On the importance of high redshift intergalactic voids

TL;DR

This paper analyzes high-redshift intergalactic flux voids using hydrodynamical simulations and observations, confirming their consistency with LCDM cosmology and exploring their relation to the underlying matter distribution.

Contribution

It provides a detailed comparison of flux voids between simulations and observations, and models their connection to the three-dimensional matter density field.

Findings

Flux void distribution matches LCDM predictions.

Simulation parameters significantly affect void statistics.

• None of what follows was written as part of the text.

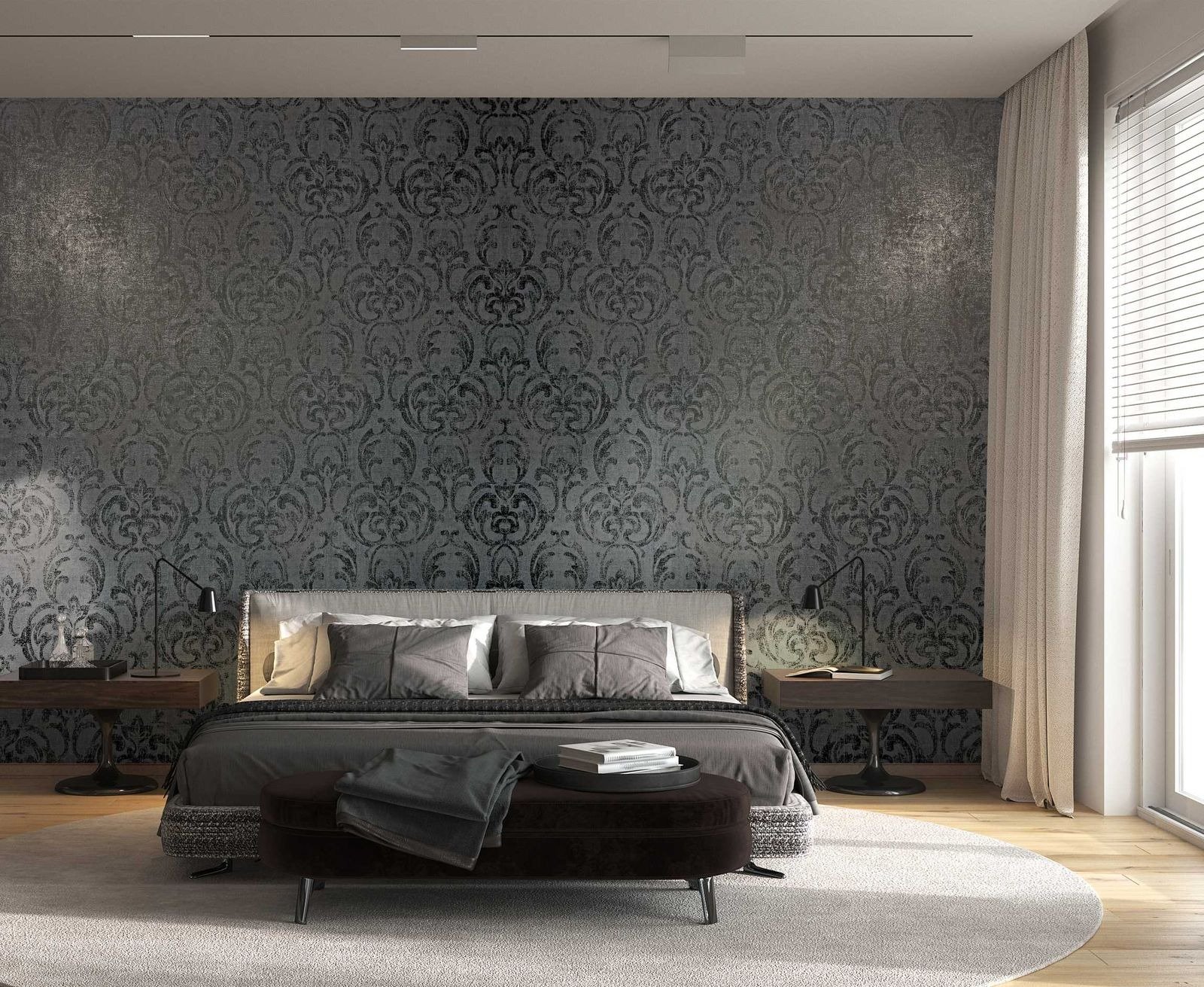 Bring a breath of fresh air into your home with this non-woven wallpaper from the Jackie collection by Novamur. Inspired by the metropolises of Bahia, Riga, Lisbon and New York, the designs in the collection pick up on a wide variety of trends. The wallpaper 82391 has a floral ornament pattern in black on a used-look plaster effect background in grey tones. Discover the entire Novamur wallpaper collection in our shop now.

Framework established for linking flux voids to matter distribution.

Abstract

We investigate the properties of one--dimensional flux ``voids'' (connected regions in the flux distribution above the mean flux level) by comparing hydrodynamical simulations of large cosmological volumes with a set of observed high--resolution spectra at z ~ 2. After addressing the effects of box size and resolution, we study how the void distribution changes when the most significant cosmological and astrophysical parameters are varied. We find that the void distribution in the flux is in excellent agreement with predictions of the standard LCDM cosmology, which also fits other flux statistics remarkably well. We then model the relation between flux voids and the corresponding one--dimensional gas density field along the line--of--sight and make a preliminary attempt to connect the one--dimensional properties of the gas density field to the three--dimensional dark matter distribution at the same redshift. This provides a framework that allows statistical interpretations of the void population at high redshift using observed quasar spectra, and eventually it will enable linking the void properties of the high--redshift universe with those at lower redshifts, which are better known.